In 2021, the most recent year for which complete data is available, 48,830 people died from gun-related injuries in the US, according to the CDC. That figure includes gun murders and gun suicides. Some 54 per cent of all gun-related deaths were suicides (26,328), while 43 per cent were murders (20,958).

About eight-in-ten US murders in 2021 – 20,958 out of 26,031, or 81 per cent – involved a firearm. That marked the highest percentage since at least 1968. More than half of all suicides in 2021 – 26,328 out of 48,183, or 55 per cent – also involved a gun, the highest percentage since 2001.

So, even as Americans have more guns, they’re less safe.

“Perhaps the most troubling aspect of gun ownership for ‘protection’ is the sharp-edged individualism it implies: an every-man-for-himself mind-set. Institutions can’t be trusted, police will be unresponsive, and the government might one day turn on you. Your only obligations are to yourself and your family,” Emba writes.

“Individual fear becomes a greater priority than collective safety. Increasing the number of guns in the system will almost certainly spell death for others, but at least your gun will keep you safe.”

The irony is lost on the diehards, however, who, as Emba notes, adhere to the NRA mantra: “An armed society is a polite society.”

“But guns might be leading us to give up on the concept of society altogether.”

That’s a real concern, one that goes beyond guns and violence, even. Civil society is increasingly under threat.

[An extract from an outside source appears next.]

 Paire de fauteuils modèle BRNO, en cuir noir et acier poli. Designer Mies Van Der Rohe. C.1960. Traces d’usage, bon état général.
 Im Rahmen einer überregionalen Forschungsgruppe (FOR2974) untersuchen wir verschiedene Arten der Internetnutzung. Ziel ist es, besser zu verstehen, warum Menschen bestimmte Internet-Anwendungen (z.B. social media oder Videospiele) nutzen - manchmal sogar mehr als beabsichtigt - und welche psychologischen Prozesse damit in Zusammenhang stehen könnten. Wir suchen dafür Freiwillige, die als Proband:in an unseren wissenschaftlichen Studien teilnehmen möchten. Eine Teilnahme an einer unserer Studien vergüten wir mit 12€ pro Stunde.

There’s nothing wrong with looking out for personal interests, but we’re in danger of forgetting that most of the widespread gains of the postwar years stem from socially-driven ideas. In purely economic terms, the collective efforts are the rising tide that lifted all boats – some more so than others, certainly. Today, however, there’s an element that seems hell-bent on undoing precisely the conditions that allowed for the great prosperity now under attack by neoliberal government policies, for instance.

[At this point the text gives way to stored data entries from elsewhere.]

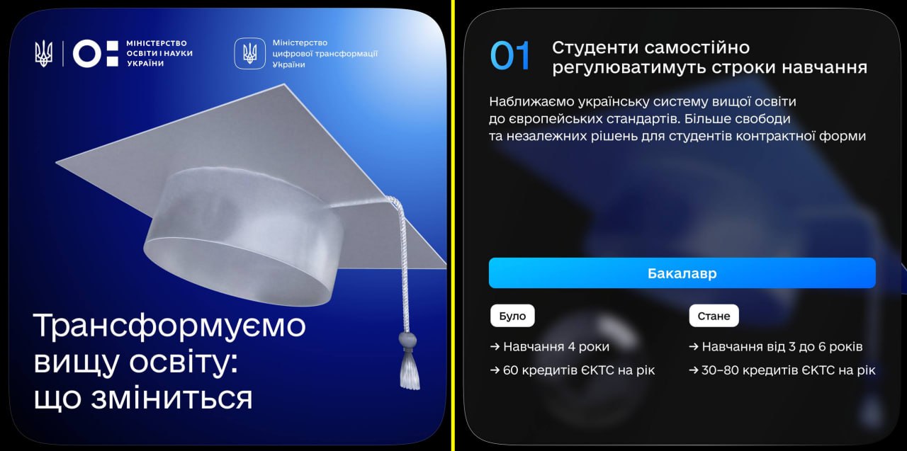 Одним із пунктів законопроєкту є регулювання студентами терміну навчання. Наприклад, самостійно можна буде пришвидшити навчання й завершити бакалаврат за 3 роки замість чотирьох. Чи навпаки — отримати ступінь за 6 років.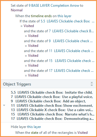 #2. I need the triggers to allow the learner to see feedback (green check marks). I thought about making a conditional button to go back to the base slide, like EricSchaffer-d1 suggested. The issue with that is A. I have many activities with slide layers for additional information across a series of 6 courses and this will be the only one with this button. I would prefer to use a solution that did not contain another button to trigger back AND whenever I add an additional condition to get back to the base slide, it messes up the purple arrow (which is programmed with variables) that indicate the slide is finished and the learner can click the next button.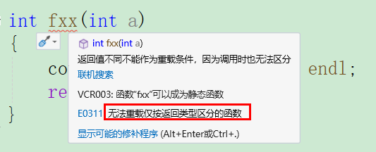 但是返回值的不同 是无法作为重载的条件,因为在函数调用时无法区分: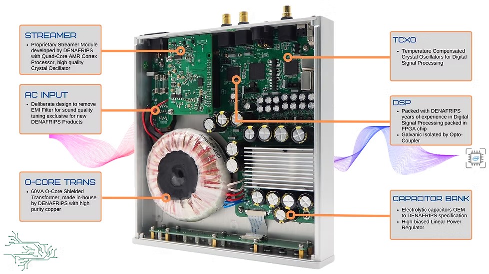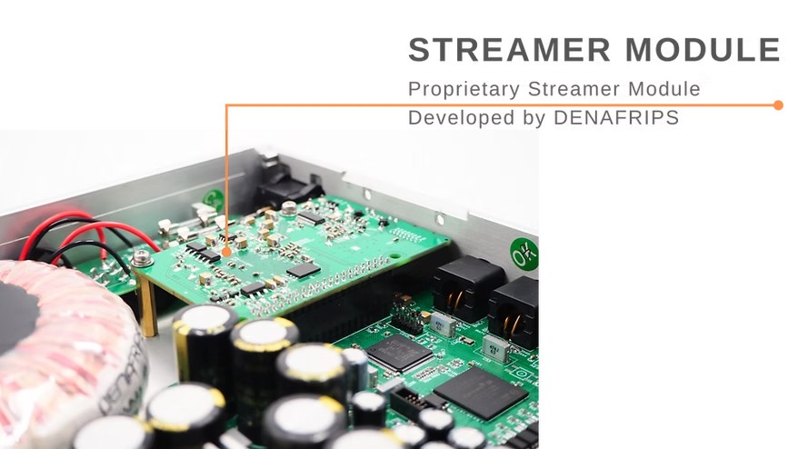 Un modul Streamer unic - dezvoltat intern de inginerii DENAFRIPS - care încorporează un procesor ARM Cortex Quad-Core, oscilatoare de cristal de înaltă calitate, răspuns rapid la tranzitorii LT, zgomot redus și regulatoare LDO.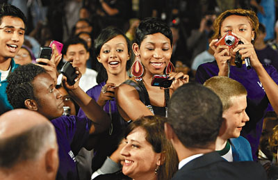 中新網9月10日電 美國總統奧巴馬8日在弗吉尼亞州阿靈頓威克菲爾德高中首次向全美中小學生發表新學年致辭,要求青少年們珍惜時光,用功學習,為自己和國家未來擔負起受教育的責任。他在答問環節又告誡大家使用社交網站Facebook時要小心,以免將來反受其害。雖然演說不含政治內容,但仍遭到反對人士的抗議,有人甚至指他在搞“個人崇拜”。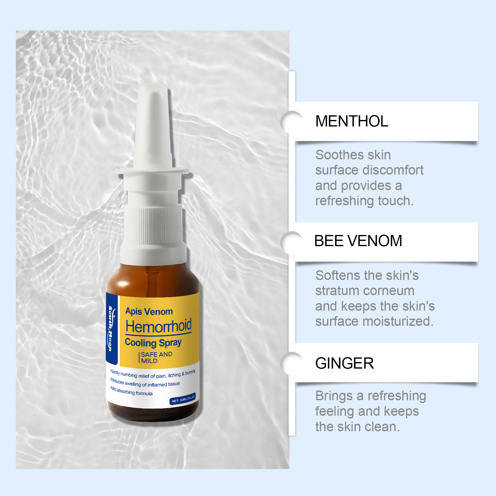 我们的蜂毒肛周喷雾,由薄荷脑、蜂毒、生姜精心调配而成。专为软化皮肤的角质层设计。使用方法极为便捷:清洁私处皮肤并保持干燥,将适量本产品喷洒在肛门周围的皮肤上,并等待其被吸收。并且应用过程舒适,适合在身体的多个部位使用。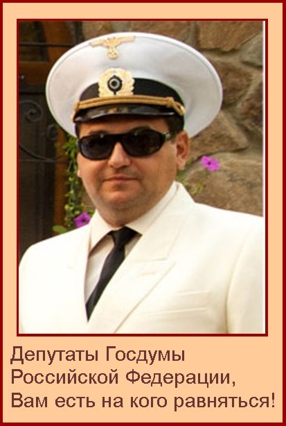 Автор данного законопроекта пару лет назад достаточно весомо продемонстрировал свой патриотизм. В городе –герое Волгограде он, будучи уже депутатом Госдумы, появился на свадьбе своего друга- однопартийца , ни больше, ни меньше , как в форме аналогичной форме гитлеровского адмирала, руководителя абвера Вильгельма Канариса . Любопытно что в то время г-н Михеев откровенно высказывался, что является его поклонником. Да и помощники сего депутата были замечены в Волгограде дефилирующими в форме солдат и офицеров вермахта.Видимо тоже разделяли, так сказать, чувства своего шефа. Когда скандальные фото появилось в сети ,Михеев естественно заявил ,что это фотомонтаж .Но четыре экспертизы и суды подтвердили подлинность фото... Вообще сей господин личность неординарная . В 90- е был судим за спекуляцию(ну это по нынешним временам почти героизм времен войны). В настоящее время , после лишения его депутатской неприкосновенности(не путать с лишением мандата депутата ГД), в отношении его СК ведется уголовное расследование по статье "мошенничество"… Похоже это и пробудило в нем всплеск патриотизма... Вложенные эскизы изображений |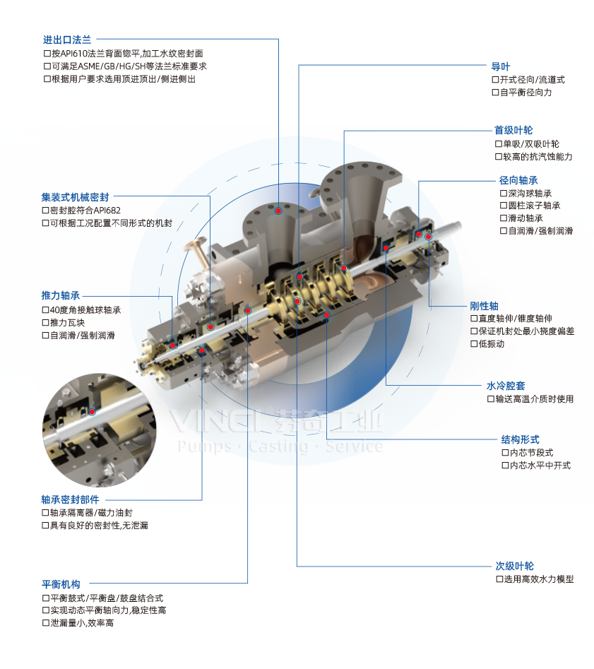 VBBR-T API 610 BB5型式離心泵用于油田煉化鍋爐給水及海上鉆井平臺(tái)等相關(guān)領(lǐng)域,對(duì)高溫高壓高轉(zhuǎn)速運(yùn)行工況提供良好的水力和機(jī)械性能,集裝式轉(zhuǎn)子芯包方便安裝拆卸,可選背靠背結(jié)構(gòu)設(shè)計(jì)平衡重載荷軸向力。

We’re increasingly isolationist as individuals, a trend that manifests itself in the likes of decreasing transit ridership due to safety concerns and home-based entertainment versus shared public forums.

Given the evolution of our societies, especially increasingly crowded urban living, we are a collective by default, even as divisive politics play on our basest individualistic instincts. If we’re part of a society – and there really is not getting around that – then we have to have some societal norms and some mutual respect.

Such a view of civil society is under attack as we see the rise of the worst kind of nationalism, a creeping fascism that has reduced discourse to a whole lot of shouting and sloganeering. The very nature of a shared language needed for civility is disparaged.

Gun violence is the worst form of antisocial behaviour, but its increase can be correlated with every step we take towards a me-first attitude that insists that in order for me to succeed, everyone else has to fail.